Naturally, this was a great source of merriment to all concerned; even I had to laugh. There ensued some discussion of how I was to proceed, and without boring you with a lengthy discussion of hazard drop options, the rules allowed me to putt from the previous spot. I managed to keep the ball on the green this time; another two putts and I wound up with a six on a par-3 that I had hit in regulation, which is probably not a record but pretty damned close.

When I recounted this story in the Grill Room, it was greeted with the appropriate amount of amusement and sympathy. Someone reminded me that Tiger Woods once did the same thing at The Masters, which I’m sure will be the only time that he and I are mentioned in the same breath.

I can divulge this and other horrors that occur out on the links because – well, something like it happens to everyone who plays the game. An old friend of mine in Virginia, Martin, struck a drive off the toe of his club; the ball flew dead straight at what could best be described a 90 degree angle to where it should have, striking a condo whose owner probably bought with the thought that no one could ever possibly hit it.
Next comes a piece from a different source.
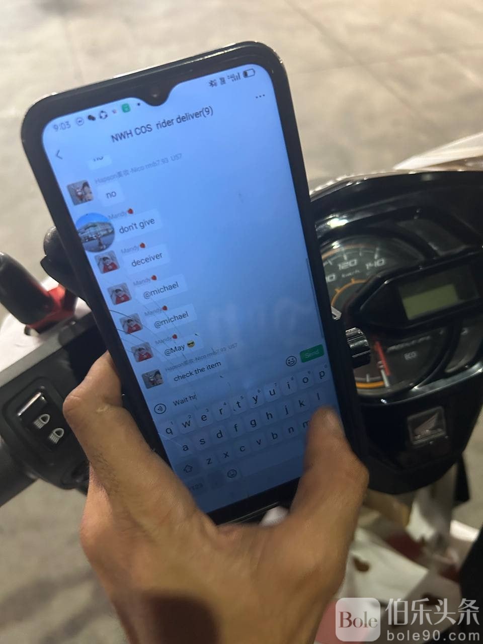 然后小菲送货的不给我东西说没收到钱 给他老板打电话 他老板说没收到,

Then again, he never met Martin, whose swing at impact featured him actually falling away from the ball  – think of a Michael Jordan jump shot, sans elevation.

But there’s one incident I can describe that I like to think did not have precedent. This happened in a club tournament where the other competitors in my group consisted of Spice Daddy, Fat Boy #1, and Holmes, three of the more colorful members of ours (or any other) club. We had all hit decent drives on the par-5 3rd hole, but Fat Boy pulled his second shot into some thick rough. As we looked for his ball, Holmes (who was riding in my cart) found a baby blue robin’s egg that evidently fallen from its nest. Holmes picked it up, looked at me devilishly, and said, “Poppy, watch this – I’m going to slip this in Spice Daddy’s pocket.”

We finished out the third hole and went on to #4, a vexing par 4 that featured an approach to an elevated green having more turns than the track at Watkins Glen. We all reached the green (Holmes somehow keeping the egg intact, which I thought was remarkable), and putted out. Spice Daddy had made a big-breaking 8-footer to save his par, and an apparently sincere, appreciative Holmes put his arm around Spice, complimenting him on his putt.

We then proceeded to the 5th hole, and Spice reached into his pocket to get a tee – and pulled his hand out; egg yolk dripping off his hand. “What the –“, he exclaimed . . . and saw Holmes and me giggling over in our cart. Spice let out a series of expletives, but he was laughing, as well.

I’d like to think that Spice was the first – but after this story, he won’t be the last.